Few Younger Patients

Andriole also noted in a news release that fewer than 10% of men in the study were in their 40s and 50s, not enough to determine whether surgery would lower mortality in that group.

“While the study demonstrates that some men with low-grade disease may not benefit from surgical intervention, it does not add to our understanding of who exactly these men are,” Penson added. “This is due in no small part to the fact that only 10% of the men in PIVOT were under age 60, and only half of the patients (55%) had no other co-morbid conditions. Given that the median follow-up in PIVOT was only 10 years and the real possibility that patients with low-grade prostate cancer and longer life-expectancies may garner some benefit from surgical treatment with longer follow-up, younger, healthier patients with low-grade prostate cancer should still strongly consider surgical treatment for their disease."

Despite objections from the urology group, PIVOT’s findings support the results of the Prostate, Lung, Colorectal and Ovarian (PLCO) cancer-screening trial, which to date has shown that most cancers detected by repeated PSA screening are low risk and that annual prostate cancer screening does not reduce mortality.

“The findings of these two studies should be reassuring to men with low-risk prostate cancer,” said Andriole, who also serves as chairman of the PLCO’s prostate cancer committee. “PSA screening commonly results in the discovery of cancers that are generally not a threat to life. This ‘overdiagnosis’ of nonlethal cancers is concerning in and of itself and becomes especially problematic if men with such low-risk cancers are ‘overtreated,’ since they are unlikely to benefit from the treatment and may experience side effects like incontinence and impotence.”

Overall, deaths from prostate cancer occurred infrequently during the study period.
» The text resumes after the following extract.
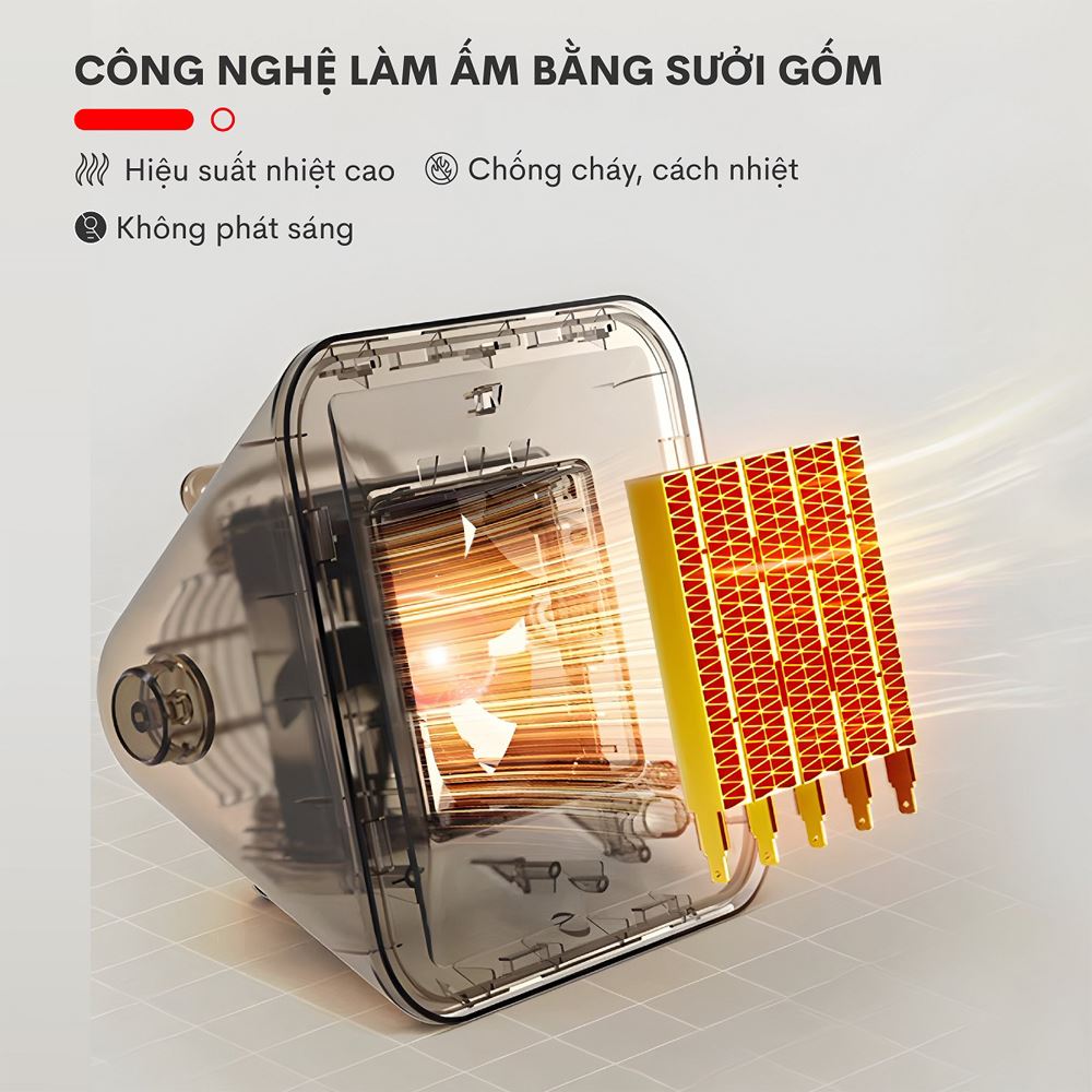 FUJIHOME FH1100 thuộc dòng quạt sưởi gốm FUJIHOME FH1100 hiện đại, sử dụng nguyên lý làm nóng bằng gốm sứ. Ưu điểm nổi bật của công nghệ này là không đốt cháy oxy, không phát sáng gây chói mắt và đặc biệt không tạo tiếng ồn khó chịu, duy trì độ ẩm tự nhiên trong phòng. Nhờ vậy, sản phẩm rất phù hợp cho gia đình có người già và trẻ nhỏ, hay những ai yêu thích sự yên tĩnh.

Only 5.8% of those treated with surgery died of prostate cancer or treatment, compared with 8.4% of those under observation — not a statistically significant difference.
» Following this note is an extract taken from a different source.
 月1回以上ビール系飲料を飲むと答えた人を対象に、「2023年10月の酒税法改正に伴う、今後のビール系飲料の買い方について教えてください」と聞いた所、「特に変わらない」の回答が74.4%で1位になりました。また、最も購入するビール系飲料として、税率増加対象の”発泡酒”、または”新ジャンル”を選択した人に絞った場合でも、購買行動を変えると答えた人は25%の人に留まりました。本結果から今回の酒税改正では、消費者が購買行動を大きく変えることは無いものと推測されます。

In recently assigning PSA screening a Grade D recommendation and discouraging its use, the U.S. Preventative Services Task Force considered results of both the PLCO and PIVOT studies.
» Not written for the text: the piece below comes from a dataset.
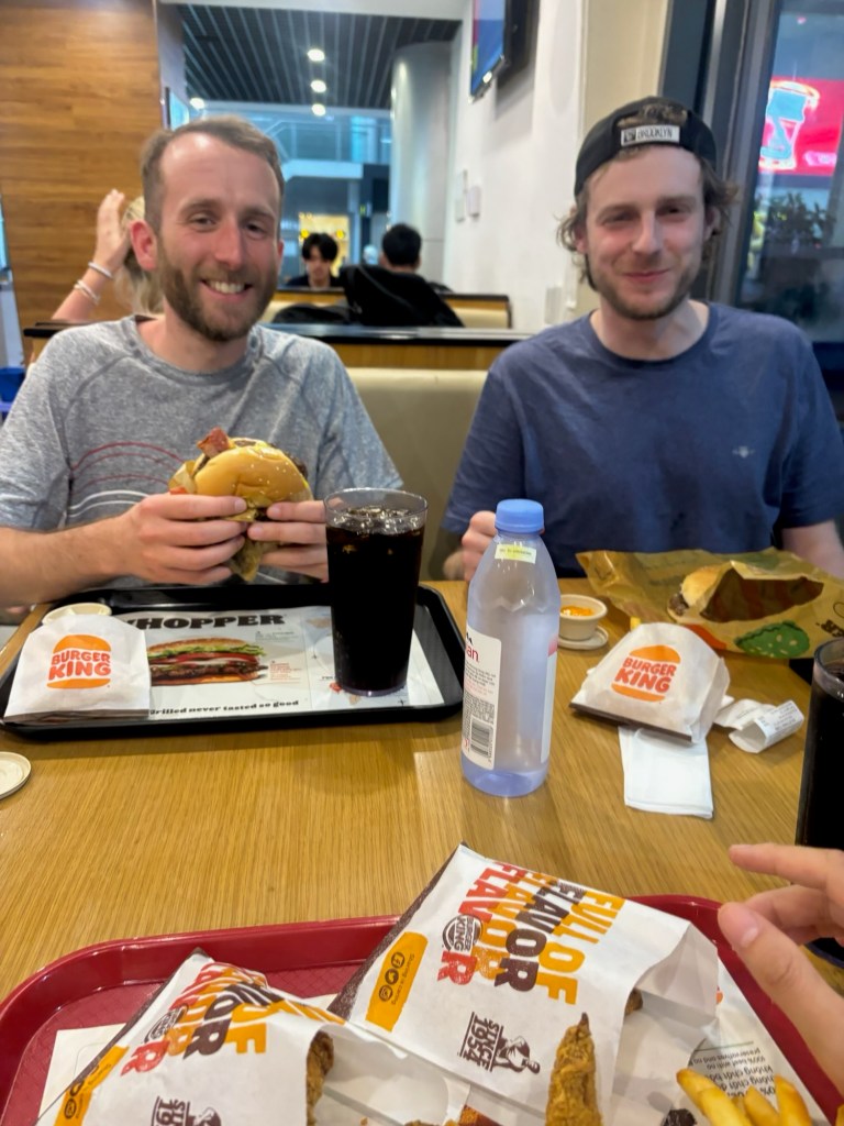 AprĂšs un petit tour aux toilettes, nous dĂ©cidons de manger ensemble avant le vol car ensuite ça sera la course pour aller jusquâĂ lâhĂŽtel et nous arriverons tard. Nous choisissons un restau faisant de la cuisine locale car nous nâavons pas traversĂ© la planĂšte pour manger des burgers, quand mĂȘme.

Andriole suggested a middle ground for many men with low-risk prostate cancer detected by PSA screening.

“Active surveillance is apt to be better than observation or immediate treatment in most low-risk patients,” he said. “We watch the PSA very closely and biopsy men periodically, so, if a tumor starts growing or becomes more aggressive, we can still successfully treat it.”

Penson, meanwhile, said the inability to conclusively determine whether prostate cancer is low- or high-risk makes it difficult to discourage treatment in patients who want it.

He said the data about “positive findings in the high-risk patients underscore a strong need for reliable, effective biomarkers that allow us to distinguish low-risk disease from high-risk disease, so we can prescribe treatment accordingly. Until we are able to distinguish between indolent and aggressive disease, some men with low-risk prostate cancer will desire treatment; this is appropriate in the absence of a certainty that they will die with prostate cancer, not of prostate cancer.